# Scroll saws



## Chroma zen (Feb 13, 2012)

Is there a huge difference in quality with scroll saws, I know if you buy bottom of the barrel you get what you pay for but what if you aren't a professional woodworker that's going to be using it day in and day out, can you get something decent and useful for under 300?


----------



## MastersHand (Nov 28, 2010)

Chroma zen said:


> Is there a huge difference in quality with scroll saws, I know if you buy bottom of the barrel you get what you pay for but what if you aren't a professional woodworker that's going to be using it day in and day out, can you get something decent and useful for under 300?


Def Dewalt,Rockwell biggest thing to look at is the throat. Get one that's deep behind the blade. As far as quality not really YOU are the most important part of this tool. You are the one steering

Sent from my iPhone using Wood Forum


----------



## Kenbo (Sep 16, 2008)

MastersHand said:


> Def Dewalt,Rockwell biggest thing to look at is the throat. Get one that's deep behind the blade. As far as quality not really YOU are the most important part of this tool. You are the one steering
> 
> Sent from my iPhone using Wood Forum


 
I have to disagree with this. There is a huge difference in quality of machines that will directly effect your work and the ability to do certain things. I will agree that for the money, the DeWalt is a good saw. The quality of the saw will translate into many things. Most importantly, a cheaper saw will have higher vibrations and will cause you considerable difficulty in cutting anything intricate. Some of the cheaper saws will actually move across the bench as they vibrate. There are ways to dampen this vibration, but they are not 100% effective. Other options on cheaper saws include inferior blade change mechanisms that will make your experience a nightmare. Purchase the highest quality saw that you can comfortably afford. I say this from experience when I say, a cheap saw, will yield cheap results. This is a case of you get what you pay for. 
I wrote a little article a while back on scroll saw options and what to look for when buying one. You can find it in this thread. I hope it helps.


----------



## MastersHand (Nov 28, 2010)

Kenbo said:


> I have to disagree with this. There is a huge difference in quality of machines that will directly effect your work and the ability to do certain things. I will agree that for the money, the DeWalt is a good saw. The quality of the saw will translate into many things. Most importantly, a cheaper saw will have higher vibrations and will cause you considerable difficulty in cutting anything intricate. Some of the cheaper saws will actually move across the bench as they vibrate. There are ways to dampen this vibration, but they are not 100% effective. Other options on cheaper saws include inferior blade change mechanisms that will make your experience a nightmare. Purchase the highest quality saw that you can comfortably afford. I say this from experience when I say, a cheap saw, will yield cheap results. This is a case of you get what you pay for.
> I wrote a little article a while back on scroll saw options and what to look for when buying one. You can find it in this thread. I hope it helps.
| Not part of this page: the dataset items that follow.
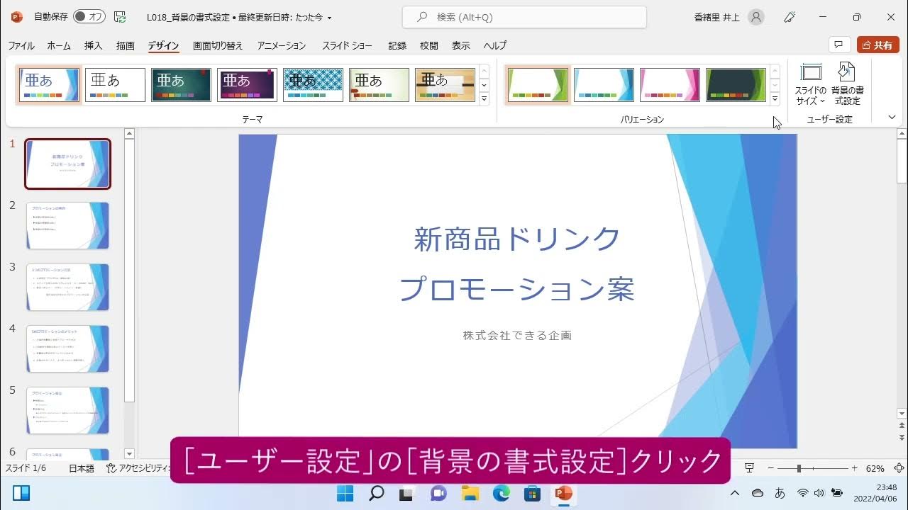 スライドの背景の色を変えるには PowerPoint 2021。
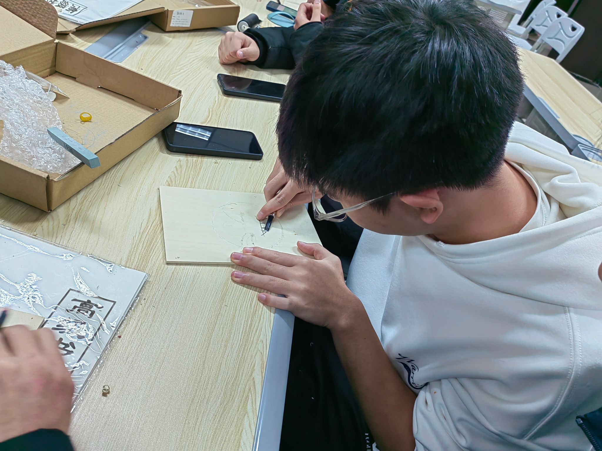 接下来是同学们所期待的实践环节,同学们亲自体验了版画制作的整个过程——从选题、设计、刻板到印刷,同学们一步步感受着版画的独特魅力。虽然在过程中遇到了不少困难,但同学们都坚持不懈,充分发挥了自己的创造力和团队协作精神。最后是一幅幅富有创意的版画作品呈现在大家面前。
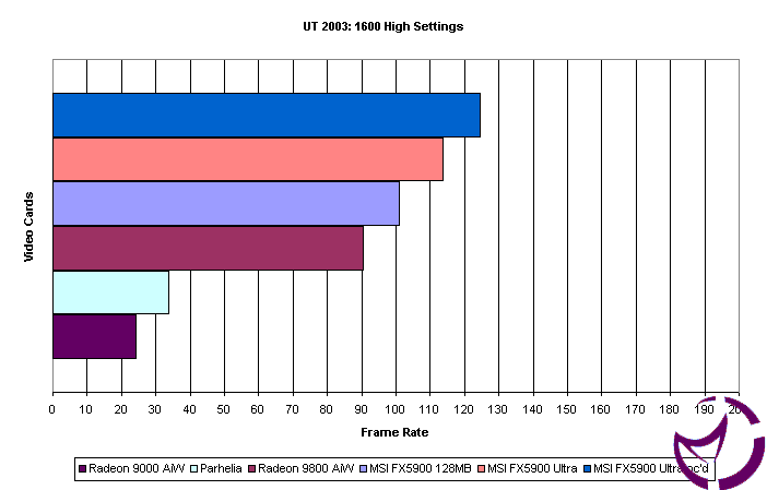 Here we see a bit of a discrepancy between the two systems. The other test system, with the FX5900 and the 9800 Pro performs better in this CPU limited test, at least it is for most of the cards. Clock speed of the FX5900 series means nothing in this test as the overclocked version is only as fast as the stock clocked version of the card. The Parhelia and the Radeon 9000 don't fair as well in this test, but the Parhelia still offers frame rates over 60fps even at a minimum so that is still playable in most peoples books. What about adding AA and ansio as usual?
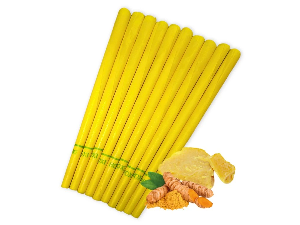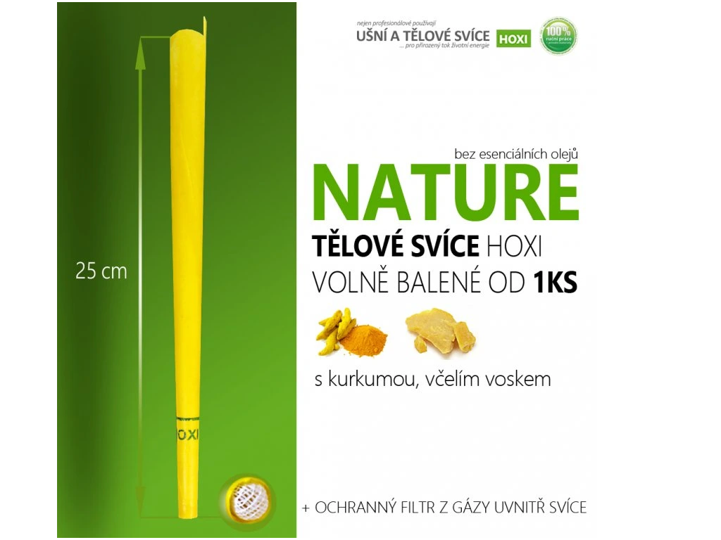 Volně balené tělové svíce HOXI NATURE jsou vyrobeny ručně ze 100% bavlněného plátna, včelího vosku a protizánětlivé kurkumy. Tělové svíce HOXI jsou kónického tvaru s optimalizovanou délkou pro co nejlepší účinnost. Každá tělová svíce HOXI je opatřena ochranným filtrem z gázy. Neobsahuje žádné esenciální oleje.

I almost Replied " Kenbo your up" Thumbsup

Sent from my iPhone using Wood Forum


----------



## BernieL (Oct 28, 2011)

Kenbo is right... don't buy cheap because that will cost you in the long run. Cheap will result in poor work, wasted lumber, dissatisfied worker and finally another more expensive saw when you can afford it. I also have a Dewalt 20 inch. I bought it in 2002 and have used it alot. It's a good saw (although I've heard the newer ones are not as good as the older models - Dewalt went cheap and now they will pay). Do your homework before buying.


----------



## pvechart (Dec 14, 2011)

I also agree with Kenbo and Berni...I bought my DeWalt back in 1999, $400 and have loged a lot of hours on it without any issues. Back then they were made in Canada by the same company that made the Excaliber which cost over a $1000. Now they are made in China I guess, if you can get to a Woodcraft store they will let you try it out. The Delta saw is the same design, they also have that one at Woodcraft but it has a lower price. Good luck and let us know what you end up buying.

Paul


----------



## Chroma zen (Feb 13, 2012)

Bought the 20 inch dewalt from woodcraft today while it was on sale, it's a lot bigger than I'd expected but if it works like you guys say it's well worth it..


----------



## BadBob (Feb 2, 2011)

Chroma zen said:


> Bought the 20 inch dewalt from woodcraft today while it was on sale, it's a lot bigger than I'd expected but if it works like you guys say it's well worth it..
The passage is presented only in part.